Da ficção à pesquisa
A palavra robô, com o sentido empregado pelas pessoas hoje, surgiu em uma peça
de 1920 do dramaturgo checo Karel Capek (1890-1938). O termo foi muito
popularizado na ficção graças ao livro "Eu, Robô" (1950), do
escritor americano nascido na Rússia Isaac Asimov (1920-1992).
A mais nova versão cinematográfica do filme tem o ator Will Smith no papel
principal. Smith tem um braço-robô com uma cobertura de pele artificial que
pode ser reposta com um spray. A tecnologia de Someya e colegas ainda está bem
longe disso. Mas está caminhando a passos largos.
Eles usaram um fino filme plástico como base para uma série de circuitos eletrônicos
baseados em estruturas de material orgânico. E desta vez foram além do que
havia sido reportado no ano passado --além de pressão, os semicondutores orgânicos
puderam detectar temperatura com precisão.
Flexibilidade
A pele vem na forma de uma rede flexível, capaz de "conformabilidade",
adaptando-se, por exemplo, à superfície de um ovo.

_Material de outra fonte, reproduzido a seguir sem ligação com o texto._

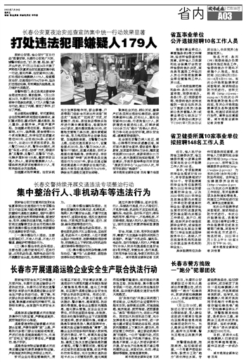 按照公安部、省公安厅“百日行动”部署安排,长春市公安局广大民、辅警尽锐出击,“打、防、管、控、服、宣”齐头并进,于7月22日至24日开展了声势浩大的夏夜治安巡查宣防集中统一行动,查处刑事、治安案件252起,打处违法犯罪嫌疑人179人,检查整改治安、交通违法行为4万余件,坚决打击违法犯罪,有效清除风险隐患,全力维护大局稳定。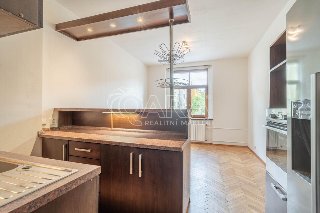 V bytě je k dispozici kuchyňská linka s varnou deskou, troubou, digestoří, myčkou a ledničkou. V komoře je příprava pro umístění pračky. Jinak se byt pronajímá nezařízený. V bytě jsou parkety a laminátová podlaha, obložkové zárubně, v koupelně, komoře, předsíni a na toaletě dlažba.

Ainda está bem longe da
capacidade da pele humana. Um dos protótipos iniciais continha uma rede de 16
sensores de pressão por centímetros quadrado. Já a ponta dos dedos de um ser
humano possui cerca de 1.500 sensores de pressão (menos em outros pontos do
corpo, contudo).
Mas um robô industrial não precisaria de tanta precisão para suas atividades
rotineiras. A pele-robô pode ter usos muito variados. Nem precisaria estar em
um robô. Pode ser uma espécie de tapete sensível, por exemplo.
O trabalho de Someya e seus colegas está publicado na última edição da
revista da Academia de Ciências dos EUA, a "PNAS" (www.pnas.org).

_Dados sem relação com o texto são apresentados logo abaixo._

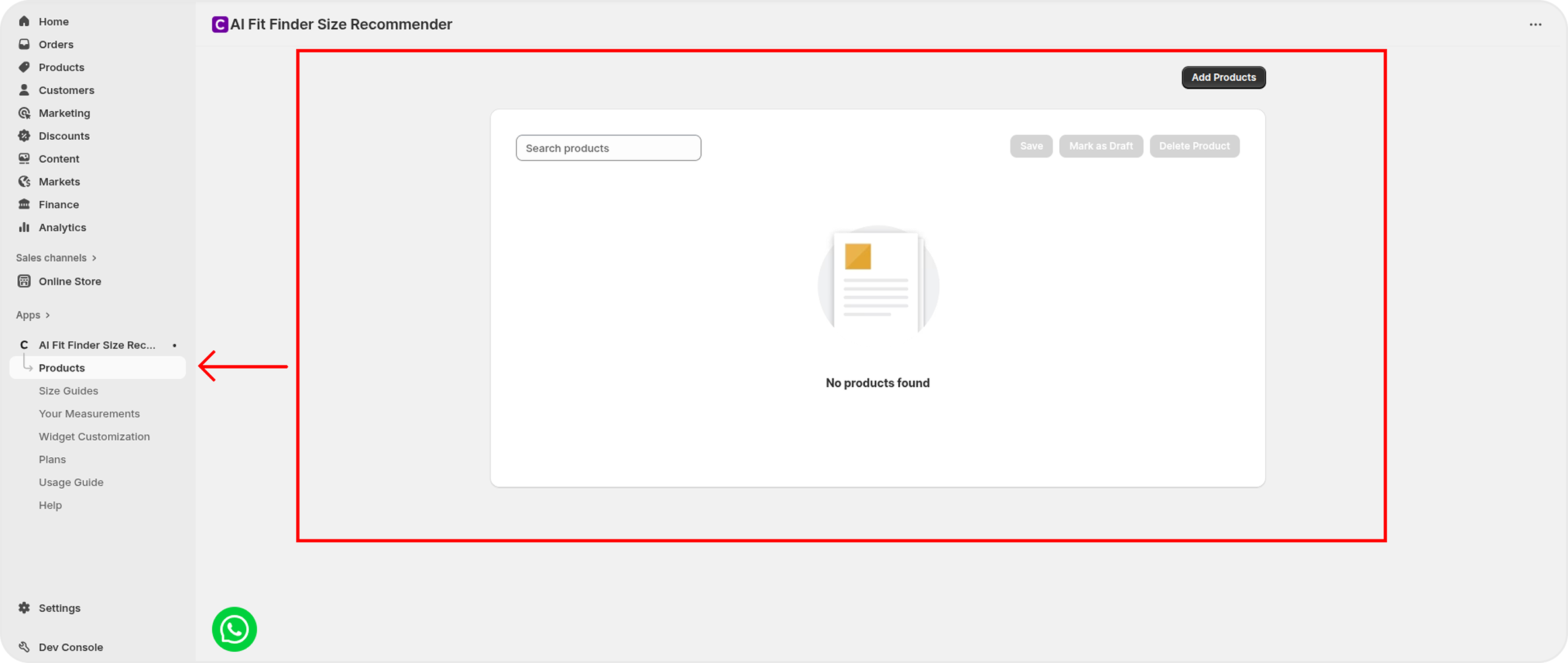 In your Shopify admin, click AI Fit Finder from the navigation menu to access the app dashboard.

Segundo eles, a pele humana ainda é bem mais complexa do que as imitações
desenvolvidas até agora.
Mas, escreveram eles no artigo hoje divulgado, "vai ser possível no futuro
próximo fazer uma pele eletrônica que tenha funções que a pele humana não
tem ao integrar vários sensores, não apenas para pressão e temperatura, mas
também para luz, umidade, esforço e ultrassônicos".